Push for central credit derivatives counterparty

(FT) Pressure from regulators for the creation of a central counterparty in the credit derivatives market is stronger than ever as the market grapples to absorb last week’s default of Lehman Brothers.

The cost of trading credit derivatives is expected to be higher than dealers thought before last week’s collapse in confidence in the financial markets and the seizing up of the credit markets.

In particular, dealers said they were expecting regulators to impose higher margins on trades in credit derivatives once the central counterparty is established. The margins will be used to fund the counterparty guarantees offered by such a clearing house, which may also require upfront capital payments.

“Discussions about margin levels are taking place as we speak,” said a senior banker involved in the talks. “We are assuming regulators will impose higher margins, which dealers will then have to pass on to their clients, like hedge funds. It is another way to reduce leverage in the financial system.”

Dealers and investors are still trying to establish the scale of losses related to Lehman’s collapse, the first time one of the large counterparties in the derivatives industry has gone under. The final figure for losses is expected to feed into discussions about how much it will cost to trade credit derivatives in the future, according to regulators and bankers.

Credit derivatives, a sector that has ballooned to $62,000bn worth of contracts in just a few years, has been a huge source of profits for dealers and investors.

The higher costs related to counterparty risks could make it less profitable in the future.

The Federal Reserve Bank of New York has been pressing dealers to improve the trading and settlement infrastructure around the credit derivatives market.

Dealers have agreed to make changes by the end of this year, including setting up a central counterparty.

Dealers said that, a week into the Lehman bankruptcy, they were about “half way” through closing out trades with Lehman. Investors such as hedge funds have much more cumbersome processes to work through, as they often require numerous quotes for each derivative they are seeking to unwind.
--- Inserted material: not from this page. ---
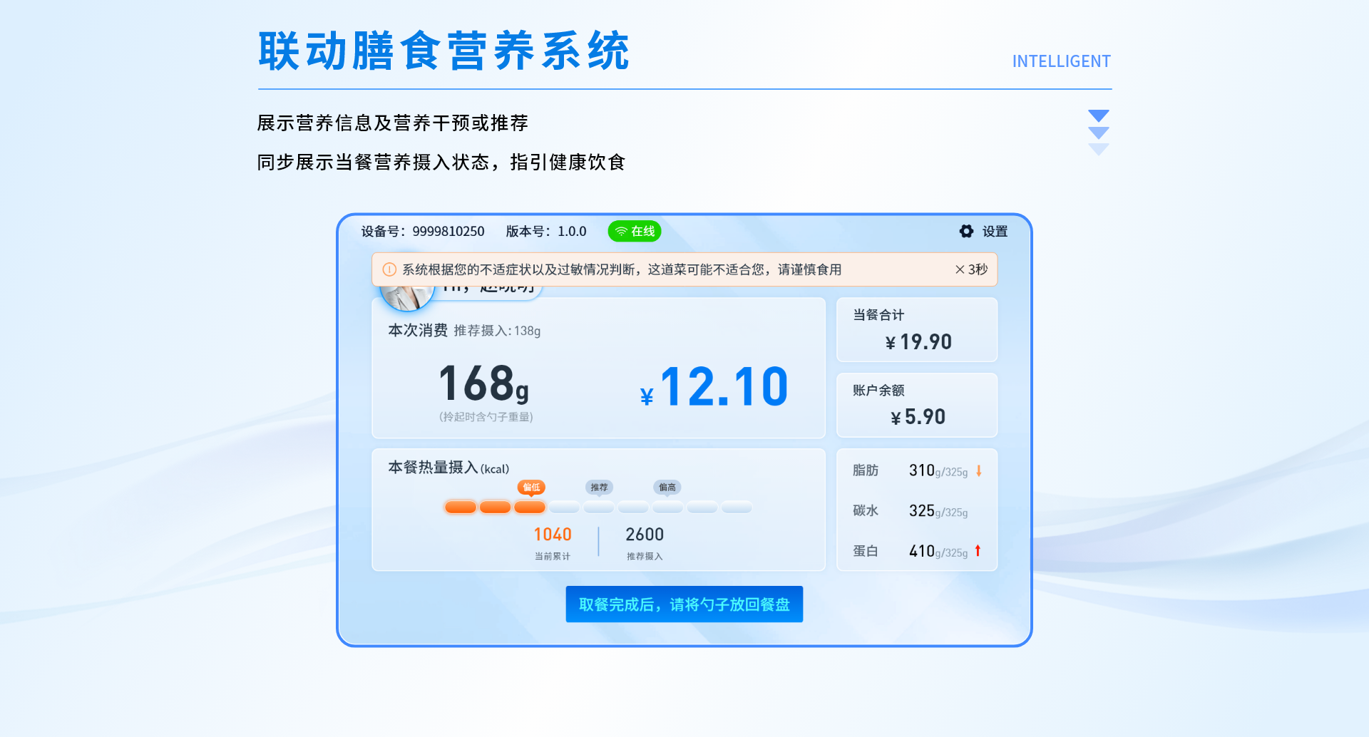 智能稱重結算臺一體化設計,基于餐飲云平臺為就餐者提供的無感支付、自助餐飲的智能化集成式系統。用戶綁定托盤后,通過托盤感應臺讀取托盤信息,即可在多個智能秤上自助稱重取餐,取餐完成后通過空中支付進行就餐結算。

Previous discussions about a central counterparty met with some opposition from hedge funds and other investors, with some investors worried that a small group of dealers would have too much control over the sector.

There appears to have been a shift in sentiment, however. “There is a widespread recognition that there needs to be change. Credit derivatives are very valuable tools and we need to find a way to make the market more sustainable in the future,” says one leading hedge fund manager.